Escribí unos cuantos párrafos del capítulo en que me encontraba, pero pronto me di cuenta de que era tarde y desconocía el tiempo en que se suspendía el servicio de transporte. Entregué dos libros que tenía en préstamo, pero el bibliotecario me indicó que tenía registro de que habían sido tres los que había pedido. Seguro un mal entendido pero ¿y si me sancionan?
Partí otra vez, aunque en esta ocasión no tuve que esperar. Ocupé el último lugar restante en la combi y tomé asiento junto a un señor mayor. Él comenzó a hablarme de cosas irrelevantes, que no entendía por su acento y porque estaban desconectadas de mi interés. Yo no quería conversar, así que contesté con monosílabos hasta que calló.
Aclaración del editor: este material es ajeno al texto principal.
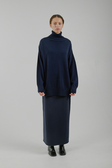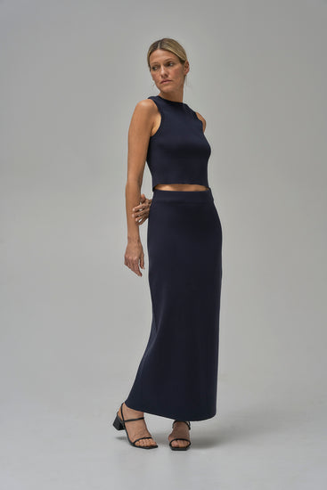 The perfect everyday ribbed-knit skirt that we cut to give a 'column' effect on the body (i.e. it's extra flattering). High-waisted with elastic opening. Medium-heavy weight knit.
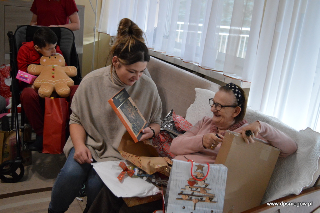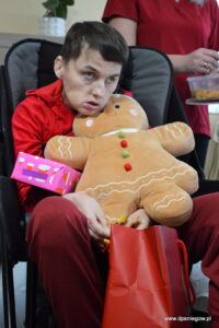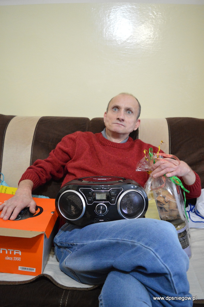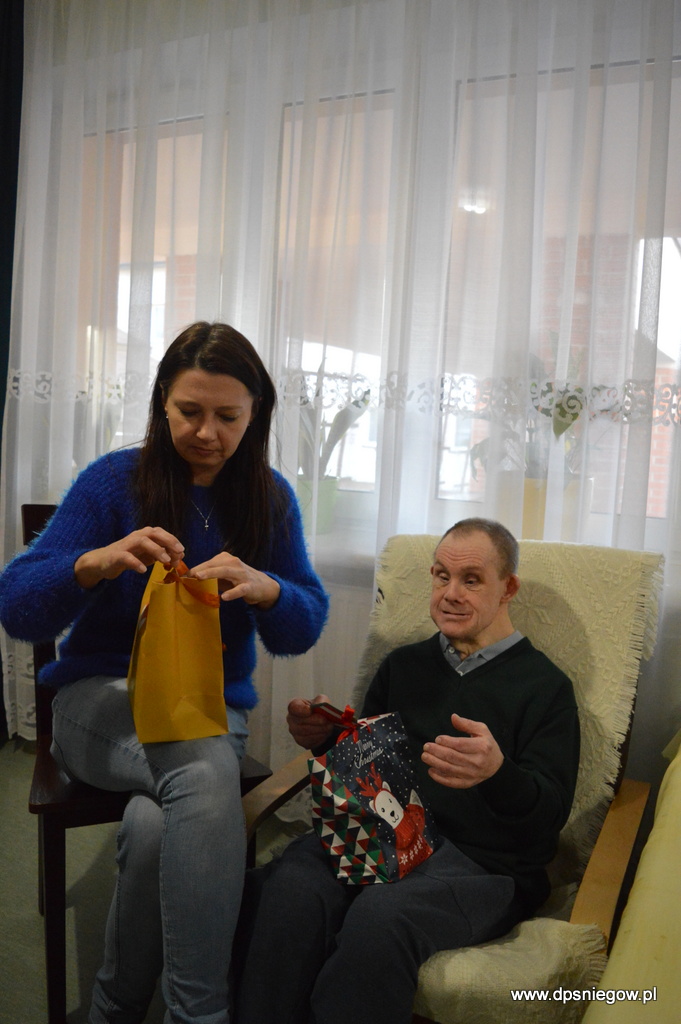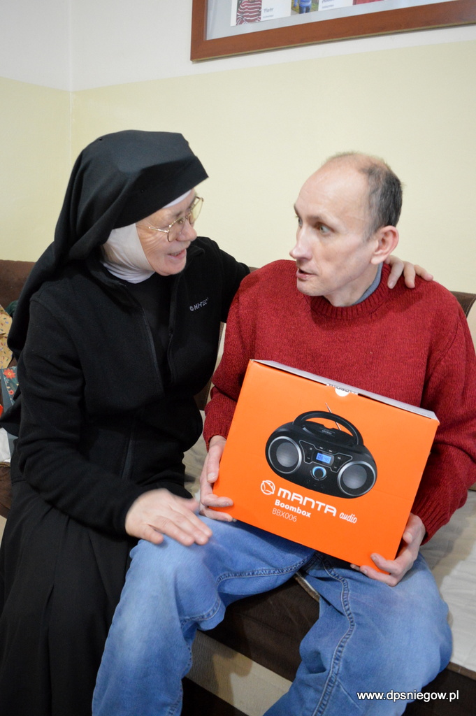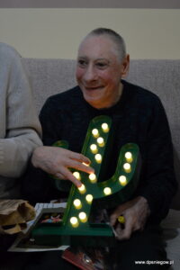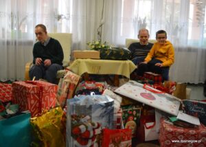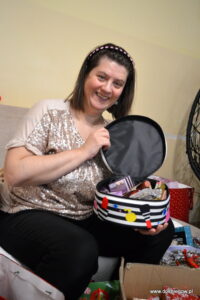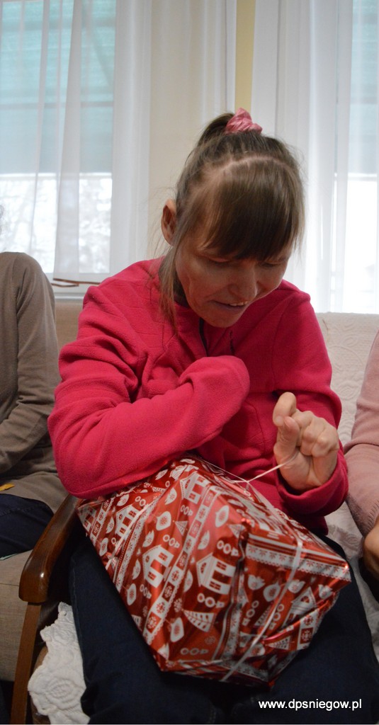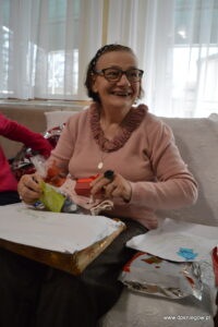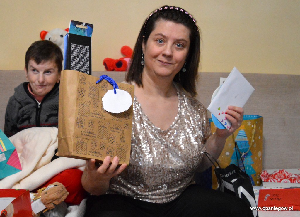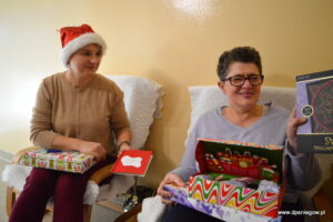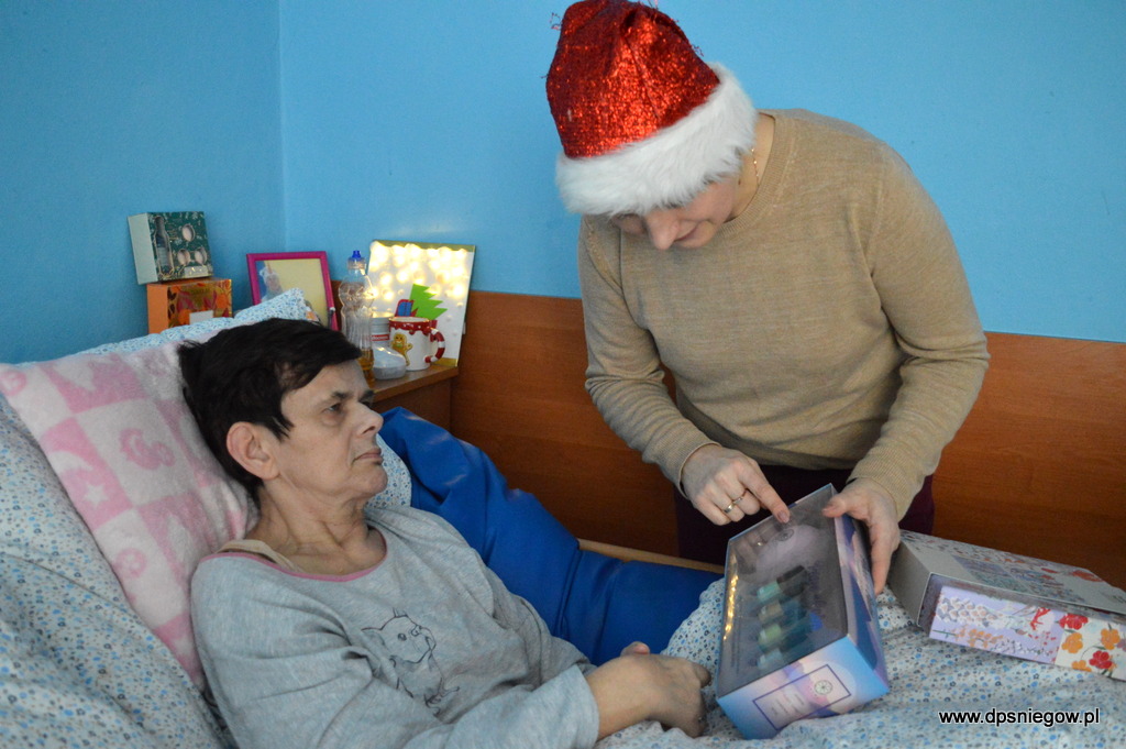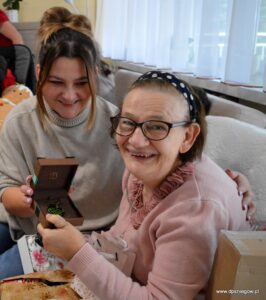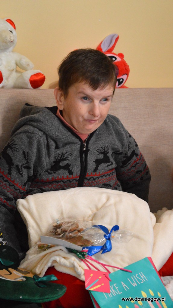 Na deser została nam Rodzinka IV. Nasze Panie nosy przylepiały do szyb wypatrując, kiedy do nich dotrzemy. Udało się. Nasze Elfy rozdawały prezenty i pomagały otwierać. Nasz Basia zachwycona biżuterią – wszystkie bransoletki nałożyła na jedna rękę; trochę się tego uzbierało… Ania uradowana kosmetykami; Kocyki i milusie poduchy dla przytulanek. Dziękujemy, dziękujemy. Wasza pamięć o naszych Mieszkańcach jest bardzo wzruszająca. Wszystkich życzeń jeszcze nie przeczytałyśmy ale przy kilku zakręciła mi się łza w oku…Dziękujemy również za wszelkie vouchery do kina czy do teatru. Jesteście WSPANIALI!
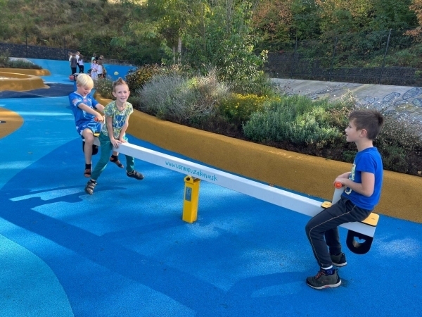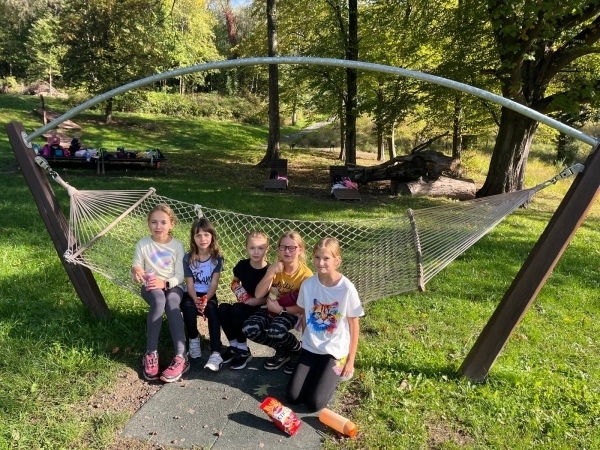 Sluníčko svítí a teplé počasí úplně volá po podzimním výletu. Třeťáci vyrazili na hřiště, protáhli svá těla, vylezli na každou prolézačku a sjeli nejednu skluzavku, zkoušeli stát na obrovských skákacích koulích i hledali rovnováhu na točícím se kruhu. Není divu, že na konci dne byli všichni dost unavení.
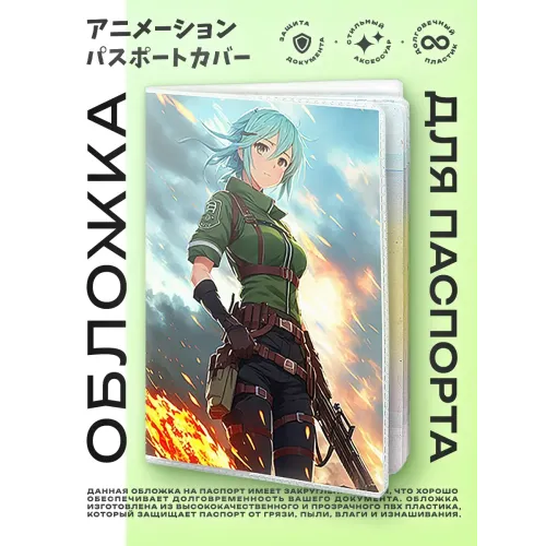 Обложка для паспорта ПВХ Аниме девушка с винтовкой MOB338

Sin embargo, todo el camino sufrí por estar en una mala postura en el asiento.
Cuando llegué ya era de noche. Extrañé a mi familia, extrañé a mi antiguo compañero de casa y, por supuesto, como siempre añoré el pasado. Me pregunté cómo llevaría mi vida en los próximos años y el miedo, casi como un mal crónico, me invadió de nuevo.
Traté de buscar refugio y compañía en la red, pero la conexión inalámbrica de la casa en que me encontraba no funcionaba. Cociné y escribí, apelando a que mañana el mal humor no existirá y la vida será un carnaval.